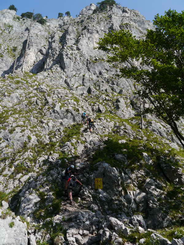 Der Abstieg ist ein alpiner Steig der höchsten Schwierigkeitsstufe! Trittsicherheit, Schwindelfreiheit und alpine Erfahrung auf Steigen der höchsten Schwierigkeitsstufe, sowie adäquate Ausrüstung sind Grundvoraussetzung für einen Einstieg in den Klettersteig ... Leider kommen am Abstieg jährlich Bergsteiger und Klettersteiggeher ums Leben.
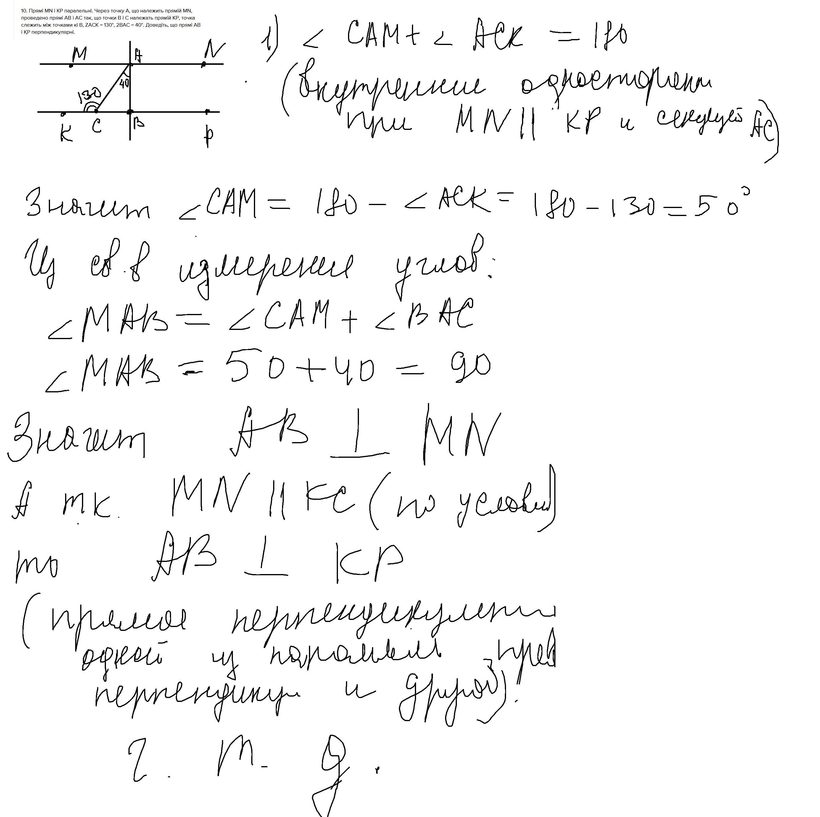 10. Прямі MN i КР паралельні. Через точку А, що належить прямій MN, проведено прямі АВ і АС так, що точки В і С належать прямій КР, точка слежить між точками кi B, ZACK = 130°, 2BAC = 40°. Доведіть, що прямі АВ і ҚР перпендикулярні.
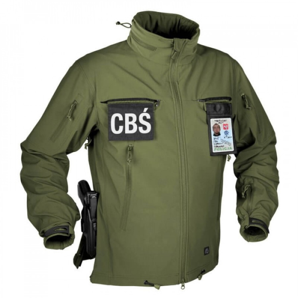 Helikon-Tex COUGAR® QSA™ + HID™ Jacket - Soft Shell Windblocker Olive green- легка демісезонна куртка з мембранної тканини, спеціально розроблена для представників поліцейських, силових і охоронних структур, які працюють в міських умовах. Завдяки унікальним властивостям високотехнологічних матеріалів, куртка відмінно утримує тепло, забезпечує надійний захист від сильного вітру і незначного дощу. У разі фізичних навантажень, відводить назовні зайве тепло і вологу, створюючи комфортну температуру тіла. Прихований в комірі капюшон, легко витягується назовні та регулюється за допомогою шоккорда з фіксаторами, виведеного в кишені. Куртка оснащена системою швидкого доступу Quick Side Access™ (QSA™), яка дає можливість миттєво дістати зброю або будь-який інший предмет, закріплений на поясі, одним плавним рухом, що значно впливає на швидкість реакції в надзвичайних, життєво-небезпечних ситуаціях. Система Hidden ID panels™ (HID™) складається з трьох кишень на грудях і спині, спеціально налаштованих під ідентифікаційні панелі різного розміру, які в залежності від обставин, носяться назовні або залишатися прихованими в кишенях. Куртка укомплектована двома порожніми панелями, які користувач може налаштувати методом вишивки або друку необхідної інформації.
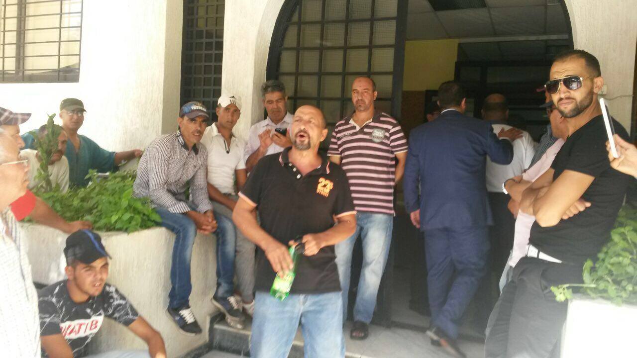 ووقف المحتجون بباب الحزب في محاولة لعدم دخول رؤساء جماعات ومستشارين جماعيين من اقليم خريبكة جاؤوا الى الرباط لدعم الوزير حداد.
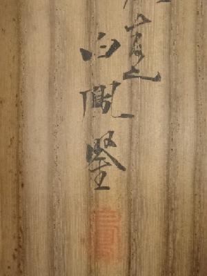 また、表具表全体に薄く汚れがあり、表具裏上部にシミとスレ破れがあります。
◇ ◇ ◇ ◇ ◇
◆ PROBLEM TO WORK ON: Restate word for word each line from the top of the listing down to and including the line that holds "10. Прямі MN". Drop any pictures.

◆ RESPONSE TO THE TASK:
 Der Abstieg ist ein alpiner Steig der höchsten Schwierigkeitsstufe! Trittsicherheit, Schwindelfreiheit und alpine Erfahrung auf Steigen der höchsten Schwierigkeitsstufe, sowie adäquate Ausrüstung sind Grundvoraussetzung für einen Einstieg in den Klettersteig ... Leider kommen am Abstieg jährlich Bergsteiger und Klettersteiggeher ums Leben.
 10. Прямі MN i КР паралельні. Через точку А, що належить прямій MN, проведено прямі АВ і АС так, що точки В і С належать прямій КР, точка слежить між точками кi B, ZACK = 130°, 2BAC = 40°. Доведіть, що прямі АВ і ҚР перпендикулярні.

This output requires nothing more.